Small affinity tags such as for example His6, His10, (twin)StrepII, Flag, Myc and Spot can be added to the N- or C-terminus of your protein of interest to facilitate the protein purification and/or detection. In some cases, they can also be added to internal loop regions, although this is rather rare. Larger solubility-enhancing tags such as SUMO, Trx, NusA, DsbA and DsbC are usually added to the N-terminus of the protein and are often combined with a small affinity tag to facilitate the purification. Some solubility-enhancing tags such as GST and MBP can also immediately be used as an affinity tag.

Fluorescent tags (e.g. eGFP, mCherry, YFP, CFP, …) can be placed at the N- or C-terminus of proteins and can be useful for imaging or studying interactions using biophysical techniques based on fluorescence.

Modular tags such as HALO, SNAP and CLIP can be added to the N- or C-terminus as well. They allow the attachment of different chemical functionalities and can be used to couple the protein covalently to a fluorescent dye, an affinity handle or a solid surface. The HALO-tag is based on a modified haloalkane dehalogenase and covalently binds synthetic ligands with a chloroalkane linker. The SNAP- and CLIP-tag are both derived from O6-alkylguanine-DNA-alkyltransferase and react with O6-benzylguanine and O2-benzylcytosine derivatives, respectively.

Protease cleavage tags

Affinity tags or solubility-enhancing tags can be removed during the protein purification when a specific protease cleavage site is included between the tag and the protein of interest.

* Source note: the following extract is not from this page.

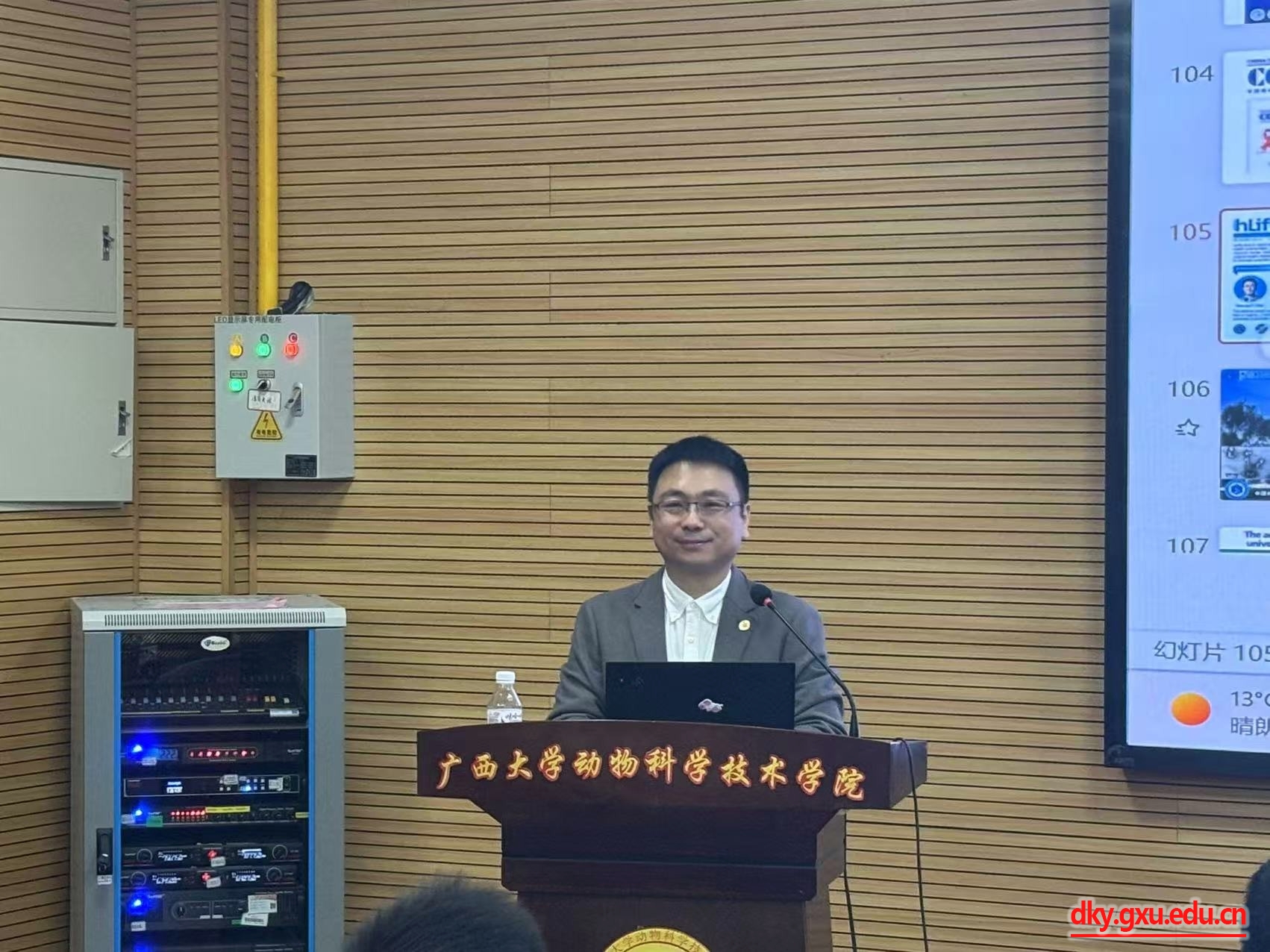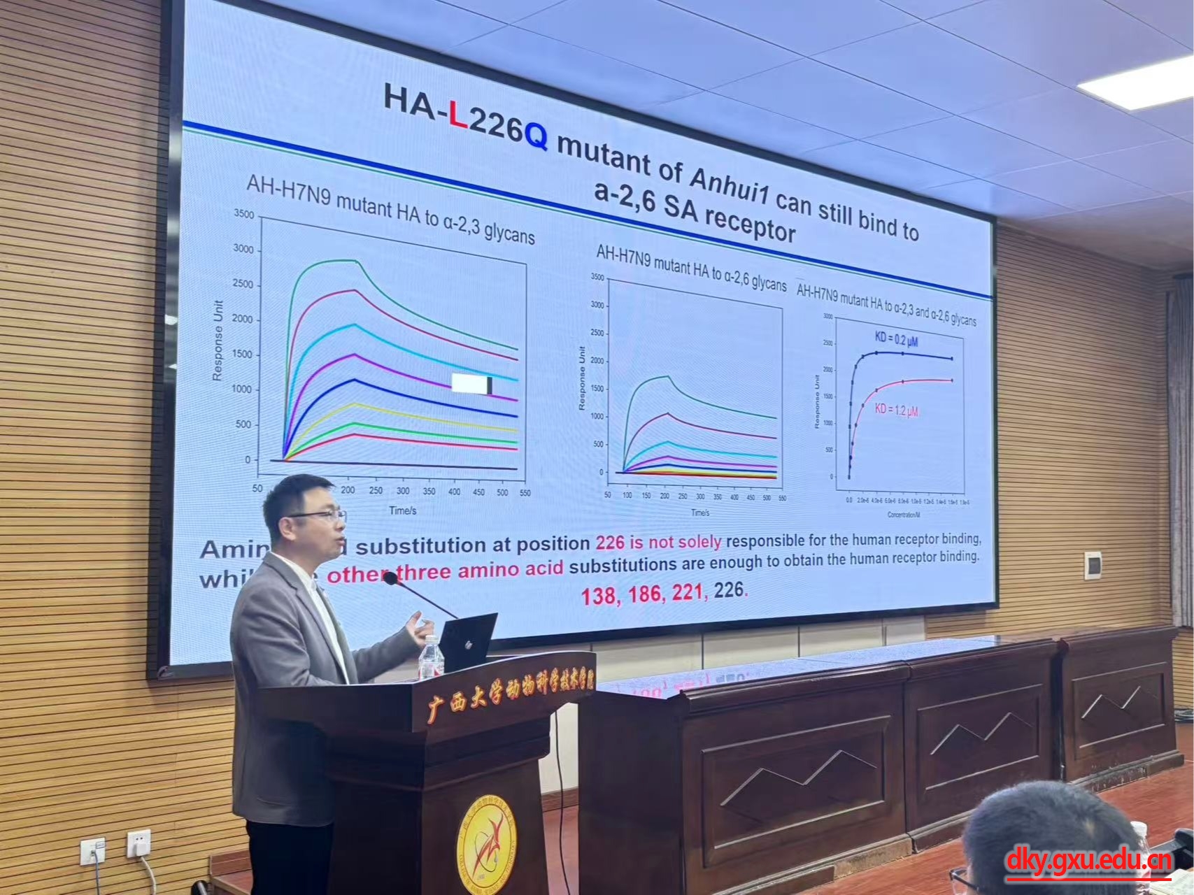 12月20日上午,中国科学院微生物研究所毕玉海研究员受广西大学tyc7111cc太阳成集团的邀请在学院318报告厅作题为“禽流感病毒的跨种传播机制与高风险病毒预警”的学术报告。tyc7111cc太阳成集团陆阳清院长、罗廷荣教授、陈樱教授等教师以及200多名师生参加报告会。报告会由tyc7111cc太阳成集团副院长何家康教授主持。

After the affinity chromatography step in the purification, you can add the specific protease to your sample. Protease cleavage can be performed either on-column or in solution. For on-column protease cleavage, you add the protease to your sample while it’s still bound to the resin. After cleavage, your sample will be eluted from the resin. For in solution protease cleavage, you first elute your protein from the resin material and then add the protease to your sample. If you use a protease containing the same affinity tag as your protein of interest, a reverse affinity chromatography step will allow you to easily separate your untagged (cleaved) protein from the still tagged (uncleaved) protein and the tagged protease.

At EMBL PEPCF, we prepare a number of highly specific proteases ourselves, which we routinely use in our protein purification processes. We proteases we produce are His6-tagged and GST-tagged TEV protease, His6-tagged and GST-tagged HRV 3C protease and His6-tagged SenP2 protease. Other commonly used highly specific proteases are for example Thrombin, Enterokinase and Factor Xa. Most of these proteases are commercially available from various manufacturers.

ProteaseProtease cleavage site
HRV 3C (PreScission)LEVLFQ ↓GP
SenP2Sumo3-GG ↓
ThrombinLVPR ↓ GS
EnterokinaseDDDDK ↓
Factor XaI E/D GR ↓
Frequently used proteases and their specific recognition sites. The arrows indicate the specific cleavage sites.